Page updated  27/6/03

When the locomotion of tissue cultured vertebrate cells are studied using time-lapse photomicrography, it can be appreciated that the most motile part of the cell is typically the very leading edge which has been described as "ruffling" (see Cell Locomotion).  It is now known that this is driven by cycles of actin polymerization and depolymerization and that actin "treadmills" as actin monomers add at the very leading edge, move with respect to the leading edge toward the cell centre where actin monomers are removed from the pointed ends.  This flux of F-actin from the leading edge to the cell body has been demonstrated by a number of ingenious experimental approaches.  In one of the earliest such studies the cellular actin pool was labelled with fluorescent actin by microinjection and after this has equilibrated with the endogenous actin, a laser was used to bleach a spot in the leading edge.  This spot was then observed to move rearward as the cell crawled forwards (Wang, 1985).  A similar experiment (Theriot & Mitchison, 1991), labelled cells with a fluorescent actin label which became fluorescent after activation by a brief pulse of laser light.  Again, the marked actin population was seen to move rearward.
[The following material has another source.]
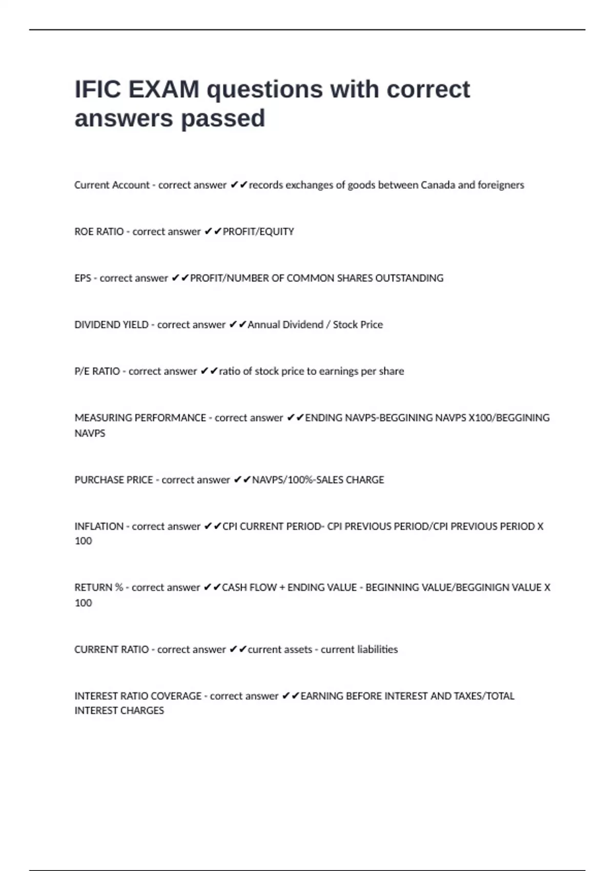 1 Exam (elaborations) IFIC Chapter 16 questions with correct answers 2 Exam (elaborations) IFIC Ch 11 questions well answered to pass 3 Exam (elaborations) IFIC Chapter 7 questions n answers rated A+ 4 Exam (elaborations) IFIC Chapter 8 Key Terms questions with complete solutions 5 Exam (elaborations) IFIC Chapter 14 questions with verified sol

Using the very large flat lamella of the neurons (so called "bag cells") of Aplysia (a nudibranch or sea-slug), and two fungal actin-binding drugs cytochalasin and phalloidin (Forscher & Smith, 1988) it has been shown that actin tread-milling results from addition of actin monomer onto the barbed ends of filaments that abut the membrane at a high angle. This was shown by treating the cells with cytochalasin that blocks actin polymerization at the barbed end, and then fixing and staining the cells with rhodamine labelled phalloidin which binds F-actin. This showed that filaments shrank back from the leading edge as polymerization was blocked at the barbed end.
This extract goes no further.